* _Supplied entries_:
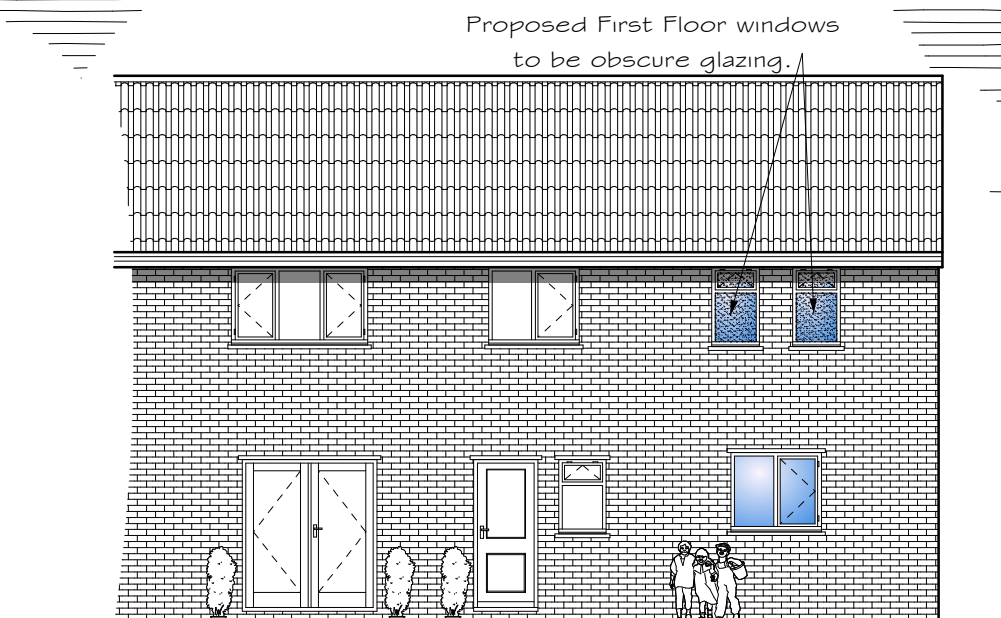
Rear Elevation as Proposed.

Proposed First Floor windows to be obscure glazing.
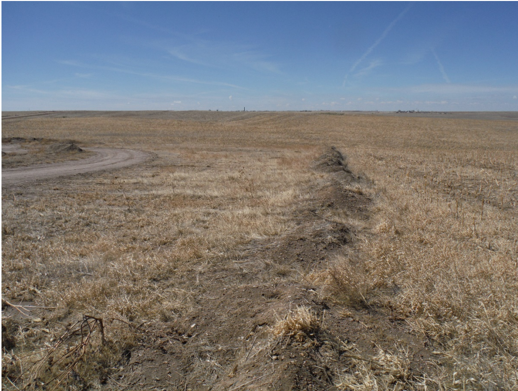
Fig 3. Small berm of topsoil along the northern permit boundary, appears to aid with stormwater control; looking west.
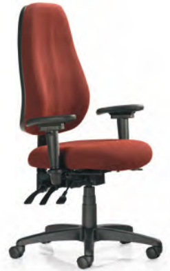
PA59 SHOWN WITH JR-40M ARMS
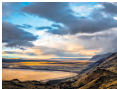
JANUARY HART-SHELDON REGION

Oregon Natural Desert Association 50 SW Bond Street, Suite 4 Bend, Oregon 97702 541.330.2638 | www.onda.org
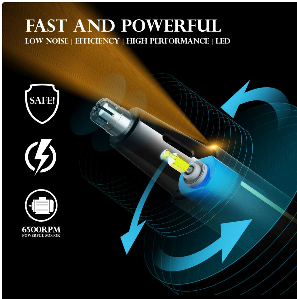
Image 6: The nose and ear trimmer head is washable for easy cleaning.
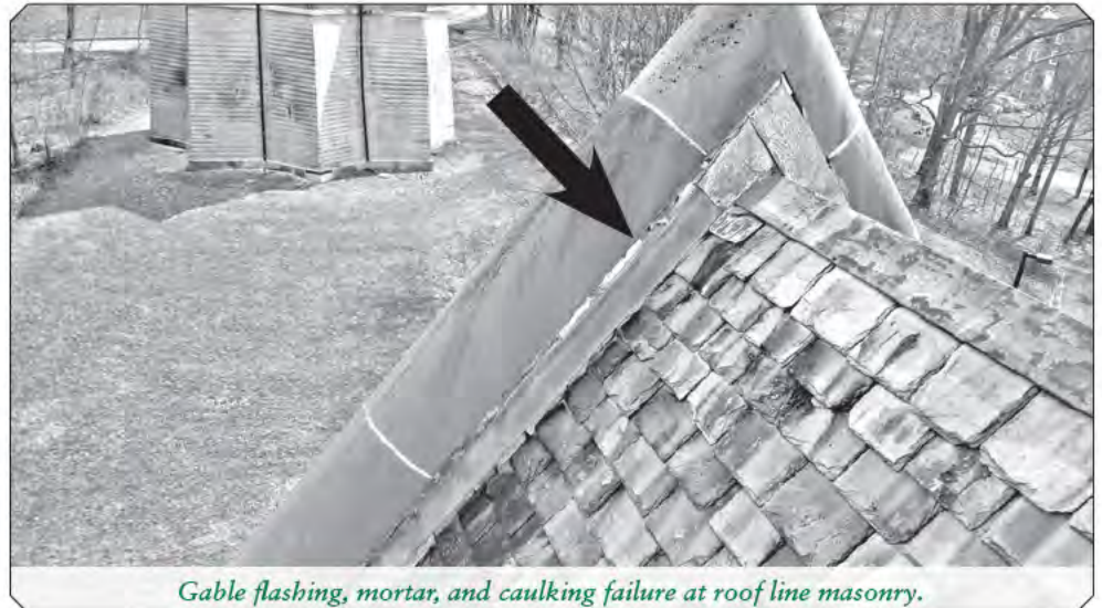
Gable flashing, mortar, and caulking failure at roof line masonry.
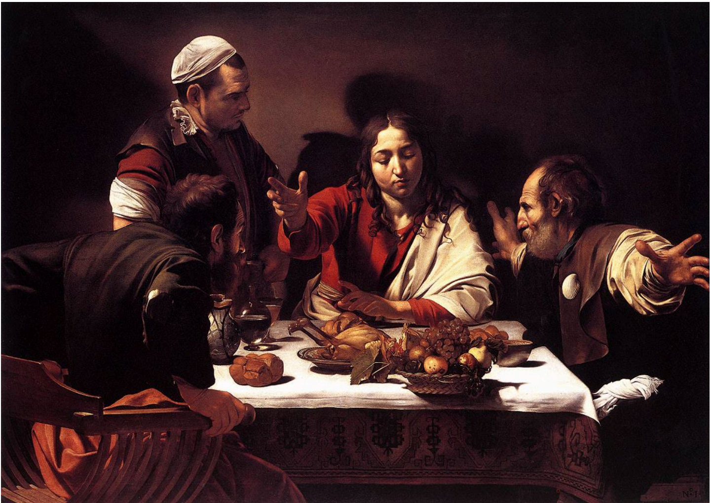
The Supper at Emmaus, Michelangelo Merisi da Caravaggio, 1601 National Gallery, London
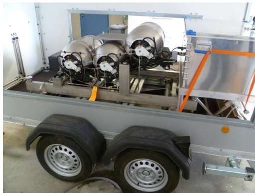
Source: Mobile device of NOW for taking H 2 samples
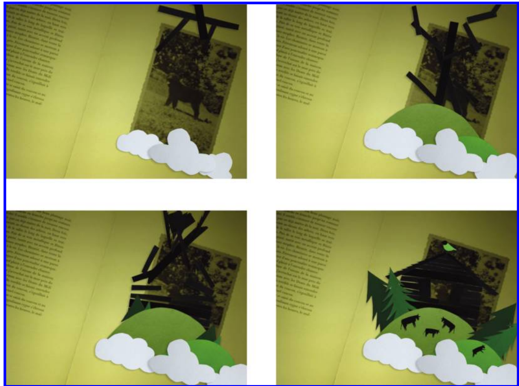
Figure 3. Successive snapshots of an animation. Falling wood planks build up a chalet, and the window opens to reveal the picture behind. © 2008 Camille Scherrer.

The core of our project is to generate interaction between two originally conflicting worlds in order to create a new source of creativity. Between paper and screen, we thought for awhile that the second medium would be the former's downfall, and we describe in this section how our work offers an original way to reconcile or confront both media. We first explain the concept on which our work is based, then describe the design and content we chose to illustrate it. We finally turn to the more technical aspects, to show how the technological part is integrated seamlessly into ordinary objects.
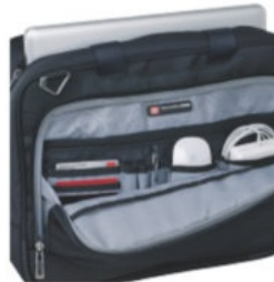
interior padded laptop compartment

* _Problem to solve_: From the data above, copy out every line with the string "Proposed" in it.

* _Response to this task_:
Rear Elevation as Proposed.
Proposed First Floor windows to be obscure glazing.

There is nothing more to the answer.